Lyft share price falls 12% days after IPO debut
The ridesharing app's stock is plummeting days after its much-hyped debut.
What analysts say about Lyft’s share price
Seaport Global Securities analyst, Michael Ward, said that Lyft share price is declining because it’s too soon to tell if its valuation is justified. Ward said that Lyft has to prove that its core customer base of millennials will only use ridesharing in lieu of owning cars.
‘In order to justify its current market valuation, investors need to take a big leap of faith that the millennials and later generations will forego ownership of a car and opt instead for reliance on a ridesharing service,’ said Ward.

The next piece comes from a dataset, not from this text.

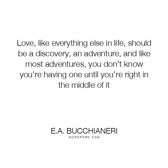 Love, like everything else in life, should be a discovery, an adventure, and like most adventures, you don’t know you’re having one until you’re right in the middle of it
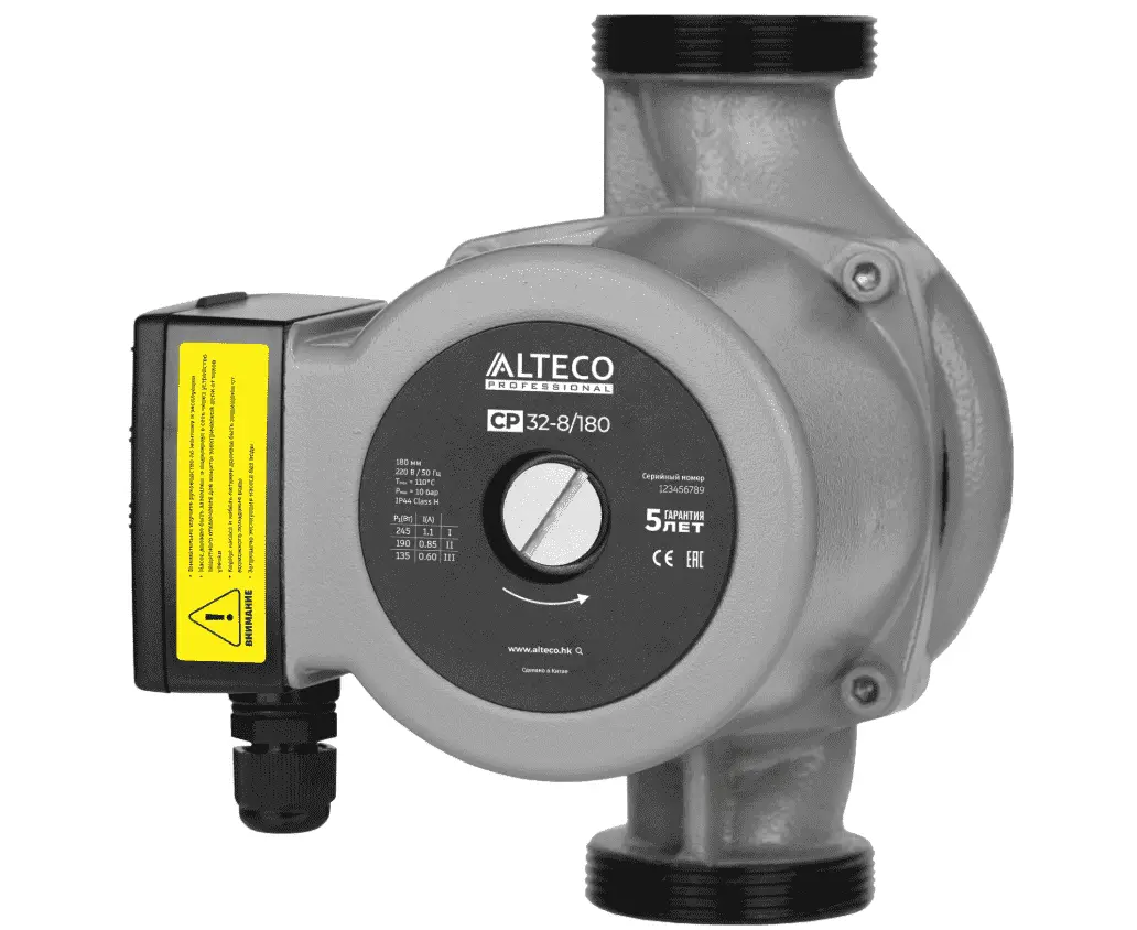 Циркуляционный насос Alteco (Алтеко) CP 32-6/180 - предназначен для принудительной циркуляции теплоносителя в системах отопления закрытого и открытого типов. Перекачивая теплоноситель, он позволяет достичь быстрого и равномерного нагрева системы отопления. Насос и двигатель представляют собой единое целое, без уплотнения вала и с двумя уплотнительными прокладками. Подшипники насоса смазываются перекачиваемой жидкостью.

Guggenheim analyst, Jake Fuller, said that the corporation has to address major problems to help its stock rise again. Fuller said that Lyft has to calm investors’ fears about whether Lyft can increase revenue growth and succeed with expansion into customers sharing bikes and scooters.
‘Key issues include limited visibility on the path to profitability, sustainability of revenue growth, scale of investments in bikes, scooters and self-driving cars, and valuation,’ said Fuller.
How Lyft’s share price is affected by losses
Lyft’s stock troubles are possibly a warning sign for Uber, another eagerly anticipated IPO for this year that isn’t yet profitable. As analysts noted, while Lyft generated high revenue of $2.2 billion, the company had losses worsen over the last two years, growing from $708 million in 2017 to $911 million in 2018.
Ward noted that high insurance costs and incentives to retain drivers add to the ridesharing company’s losses. These additional issues will weigh heavily on investors as they continue to evaluate Lyft stock.